We think we can provide a better alternative for traditional venture capital. In fact, many VCs are sending us referrals, which is a really cool way of working with the ecosystem.

VN: As an entrepreneur and investor, what were some lessons you learned?

MR: The first thing I learned is that it’s a lot harder to be an entrepreneur than an investor. So I try and always come in with that empathy.

I think the next part is understanding both. It is really hard for founders to raise money. It is hard because it is a completely subjective process that takes between three and 24 months to do. A lot of market variables are going on as that’s happening. I really cared about how do we enable more entrepreneurs who might not have the Stanford MBA background and really democratize access to funding for everyone.
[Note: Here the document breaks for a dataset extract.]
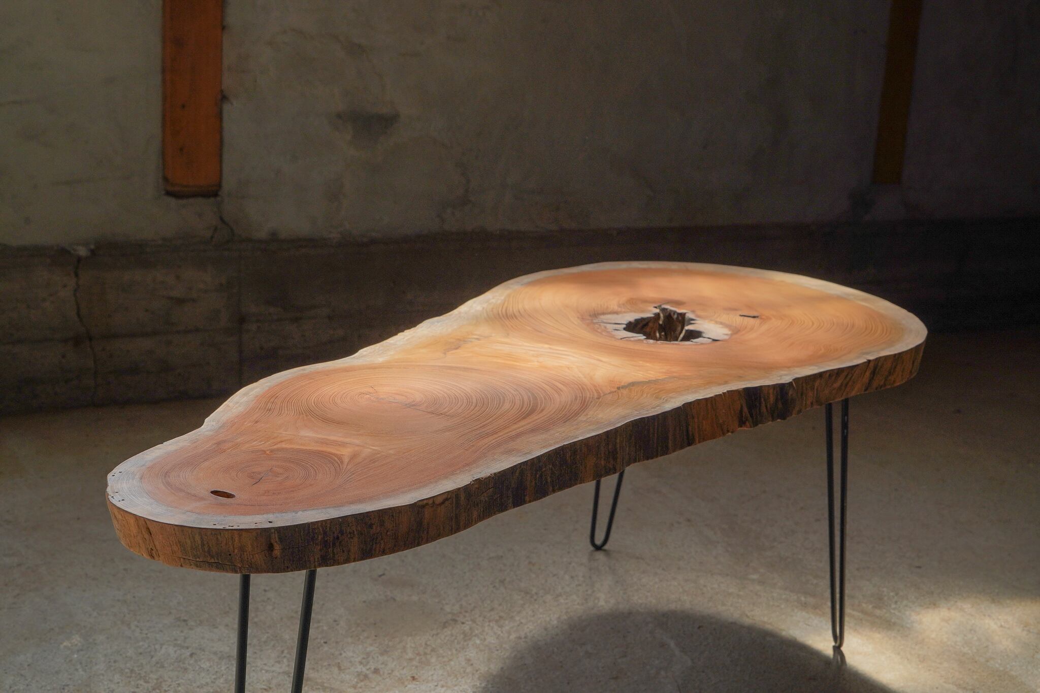 さて本材について。欅らしい硬度があり頑丈です。目もしっかりと詰まっていてその分どっしりとしています。欅の弱点である辺材もしっかりしていますので、健康な素材なんだと思います。この素材はお世話になっている埼玉県の木材屋さんから仕入れた欅なんですけど、その材木屋さんの欅はいつも本当に素晴らしいものばっかりです。目利きが良いんでしょうね。

Andrew D'Souza and Michele Romanow, co-founders and CEOs of Clearbanc

That was kind of the insight I took. I didn’t raise any money for my first three companies. My co-founder, Andrew D’Souza – he came at it from the background of having raised lots of venture capital but finding it an incredibly time-consuming process. Between the two of us, we came in with a view of how hard it was to build a company without bootstrap financing and how much slower we had to go. And our view from that is that we could build a totally different type of capital provider.

VN: What excites you the most about your position as VC?
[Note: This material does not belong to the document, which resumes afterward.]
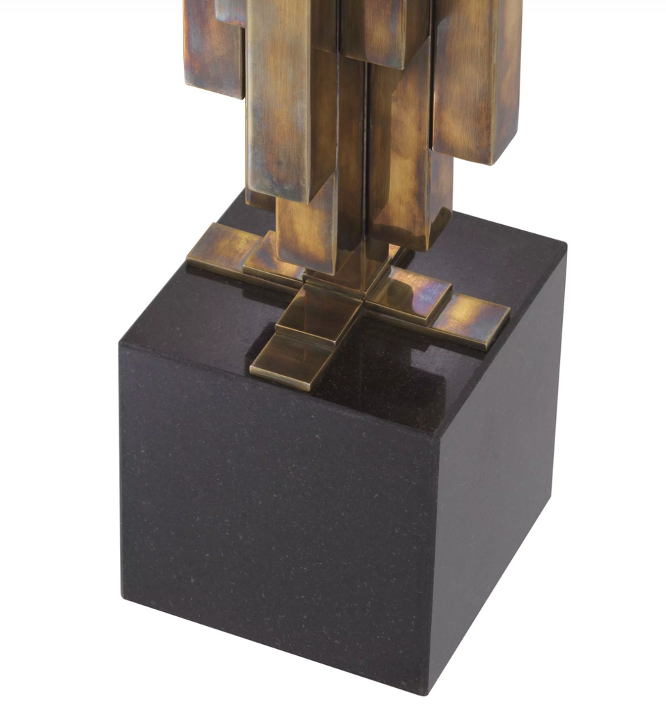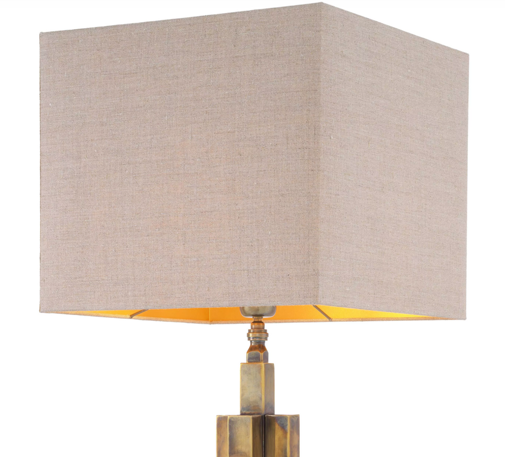Descrizione: Dai ai tuoi interni più di una semplice fonte di luce con la lampada da tavolo Ellis. Caratterizzato da una struttura in acciaio inossidabile con finitura in ottone vintage su un piedistallo a forma di cubo di granito nero, questo apparecchio contemporaneo irradia bellezza scultorea. Il design artistico si completa con un paralume in misto lino.

MR: Entrepreneurs solve the greatest problems in the world.

And I always use the example of the world governments have now spent trillions of dollars investing in climate change, while the biggest difference is being made by entrepreneurs that are building clean cars and trucks that people want to drive. That is one analogy that applies to so many. When you invest in founders all over the world from so many different backgrounds, I think they have the greatest shot at solving some of the greatest challenges.

We have funded 700 different companies so far. To be a part of their journeys is a real gift.